热效应对胶浸纸套管绝缘性能的影响及温度反演方法

Influence of Thermal Effect on Insulation Performance of Resin Impregnated Paper Bushing and Temperature Inversion Method

为研究热效应对胶浸纸(resin impregnated paper,RIP)套管绝缘特性的影响,首先搭建串联RIP套管模型温升试验平台,进行不同载流条件下RIP套管模型的频域介电谱(frequency domain spectroscopy,FDS)测试和内部温度测量,然后建立扩展德拜模型研究热效应对RIP套管模型绝缘性能的影响,最后针对套管内部温度检测的难题,提出一种基于“介质损耗”的套管内部温度反演方法。结果表明:套管模型承载的电流最终体现为内部温度的变化;复电容实部C′(ω)和虚部C″(ω)在低频段(5 mHz~5 Hz)随载流量的增加而显著增大;扩展德拜模型参数对RIP绝缘内部温度变化较为敏感,根据“介质损耗”在不同频段的表现形式,提取介质损耗面积Sp和介质损耗斜率Kp作为反演RIP套管最高温度的特征参量,该特征参量与最高温度均存在拟合优度较高的二次函数关系,据此可实现RIP套管最高温度的间接测量。

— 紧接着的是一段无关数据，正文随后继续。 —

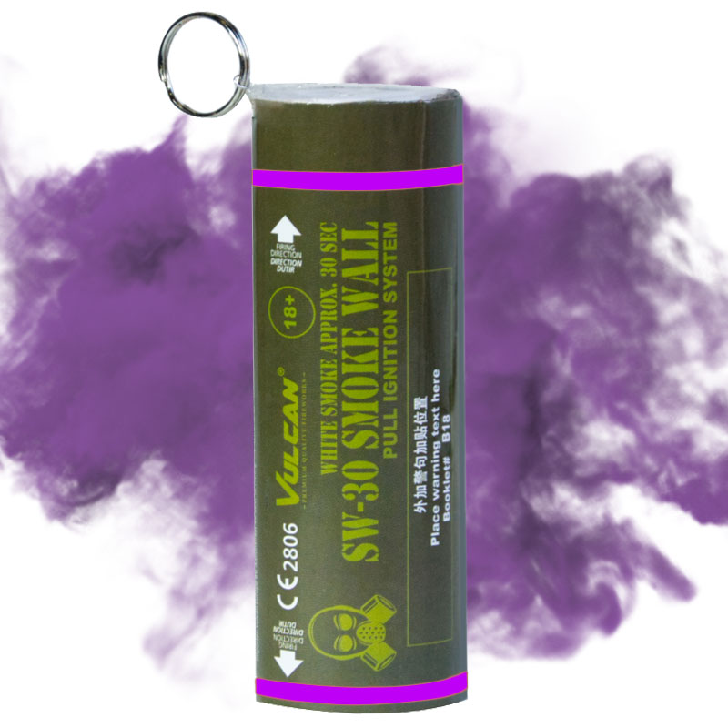 Ontdek de rook muur Paars met pin, die 30 seconden levendige rode rook van beide kanten levert. Til elk evenement naar een hoger niveau met deze opvallende, gebruiksvriendelijke rookvertoning.

该方法为检测套管内部温度提供了一条新思路。

In order to study the influence of thermal effect on the insulation characteristics of resin impregnated paper(RIP)bushing,firstly,a series RIP bushing model temperature rise test platform is built to test the frequency domain spectroscopy(FDS)and internal temperature of RIP bushing model under different current carrying conditions.Then,the extended Debye model is established to study the influence of thermal effect on the insulation performance of RIP bushing mode.Finally,for the problem of bushing internal temperature detection,a bushing internal temperature inversion method is proposed based on dielectric loss.The results show that the current carried by the bushing model is ultimately reflected in the change of internal temperature;The real part C′(ω)and the imaginary part C″(ω)of the complex capacitor increase significantly in the low frequency band(5 mHz~5 Hz)with the increase of current;The parameters of the extended Debye model are sensitive to the internal temperature change of the RIP insulation;According to the manifestation of"dielectric loss"in different frequency bands,the characteristic parameters dielectric loss area Sp and dielectric loss slope Kp are extracted to estimate the maximum temperature of the RIP bushing.The characteristic parameters and the maximum temperature have a quadratic function relationship with a high degree of goodness of fit.Based on the above relationship,the indirect measurement of the maximum temperature of RIP bushing can be realized.This method provides a new idea for detecting the internal temperature of the bushing.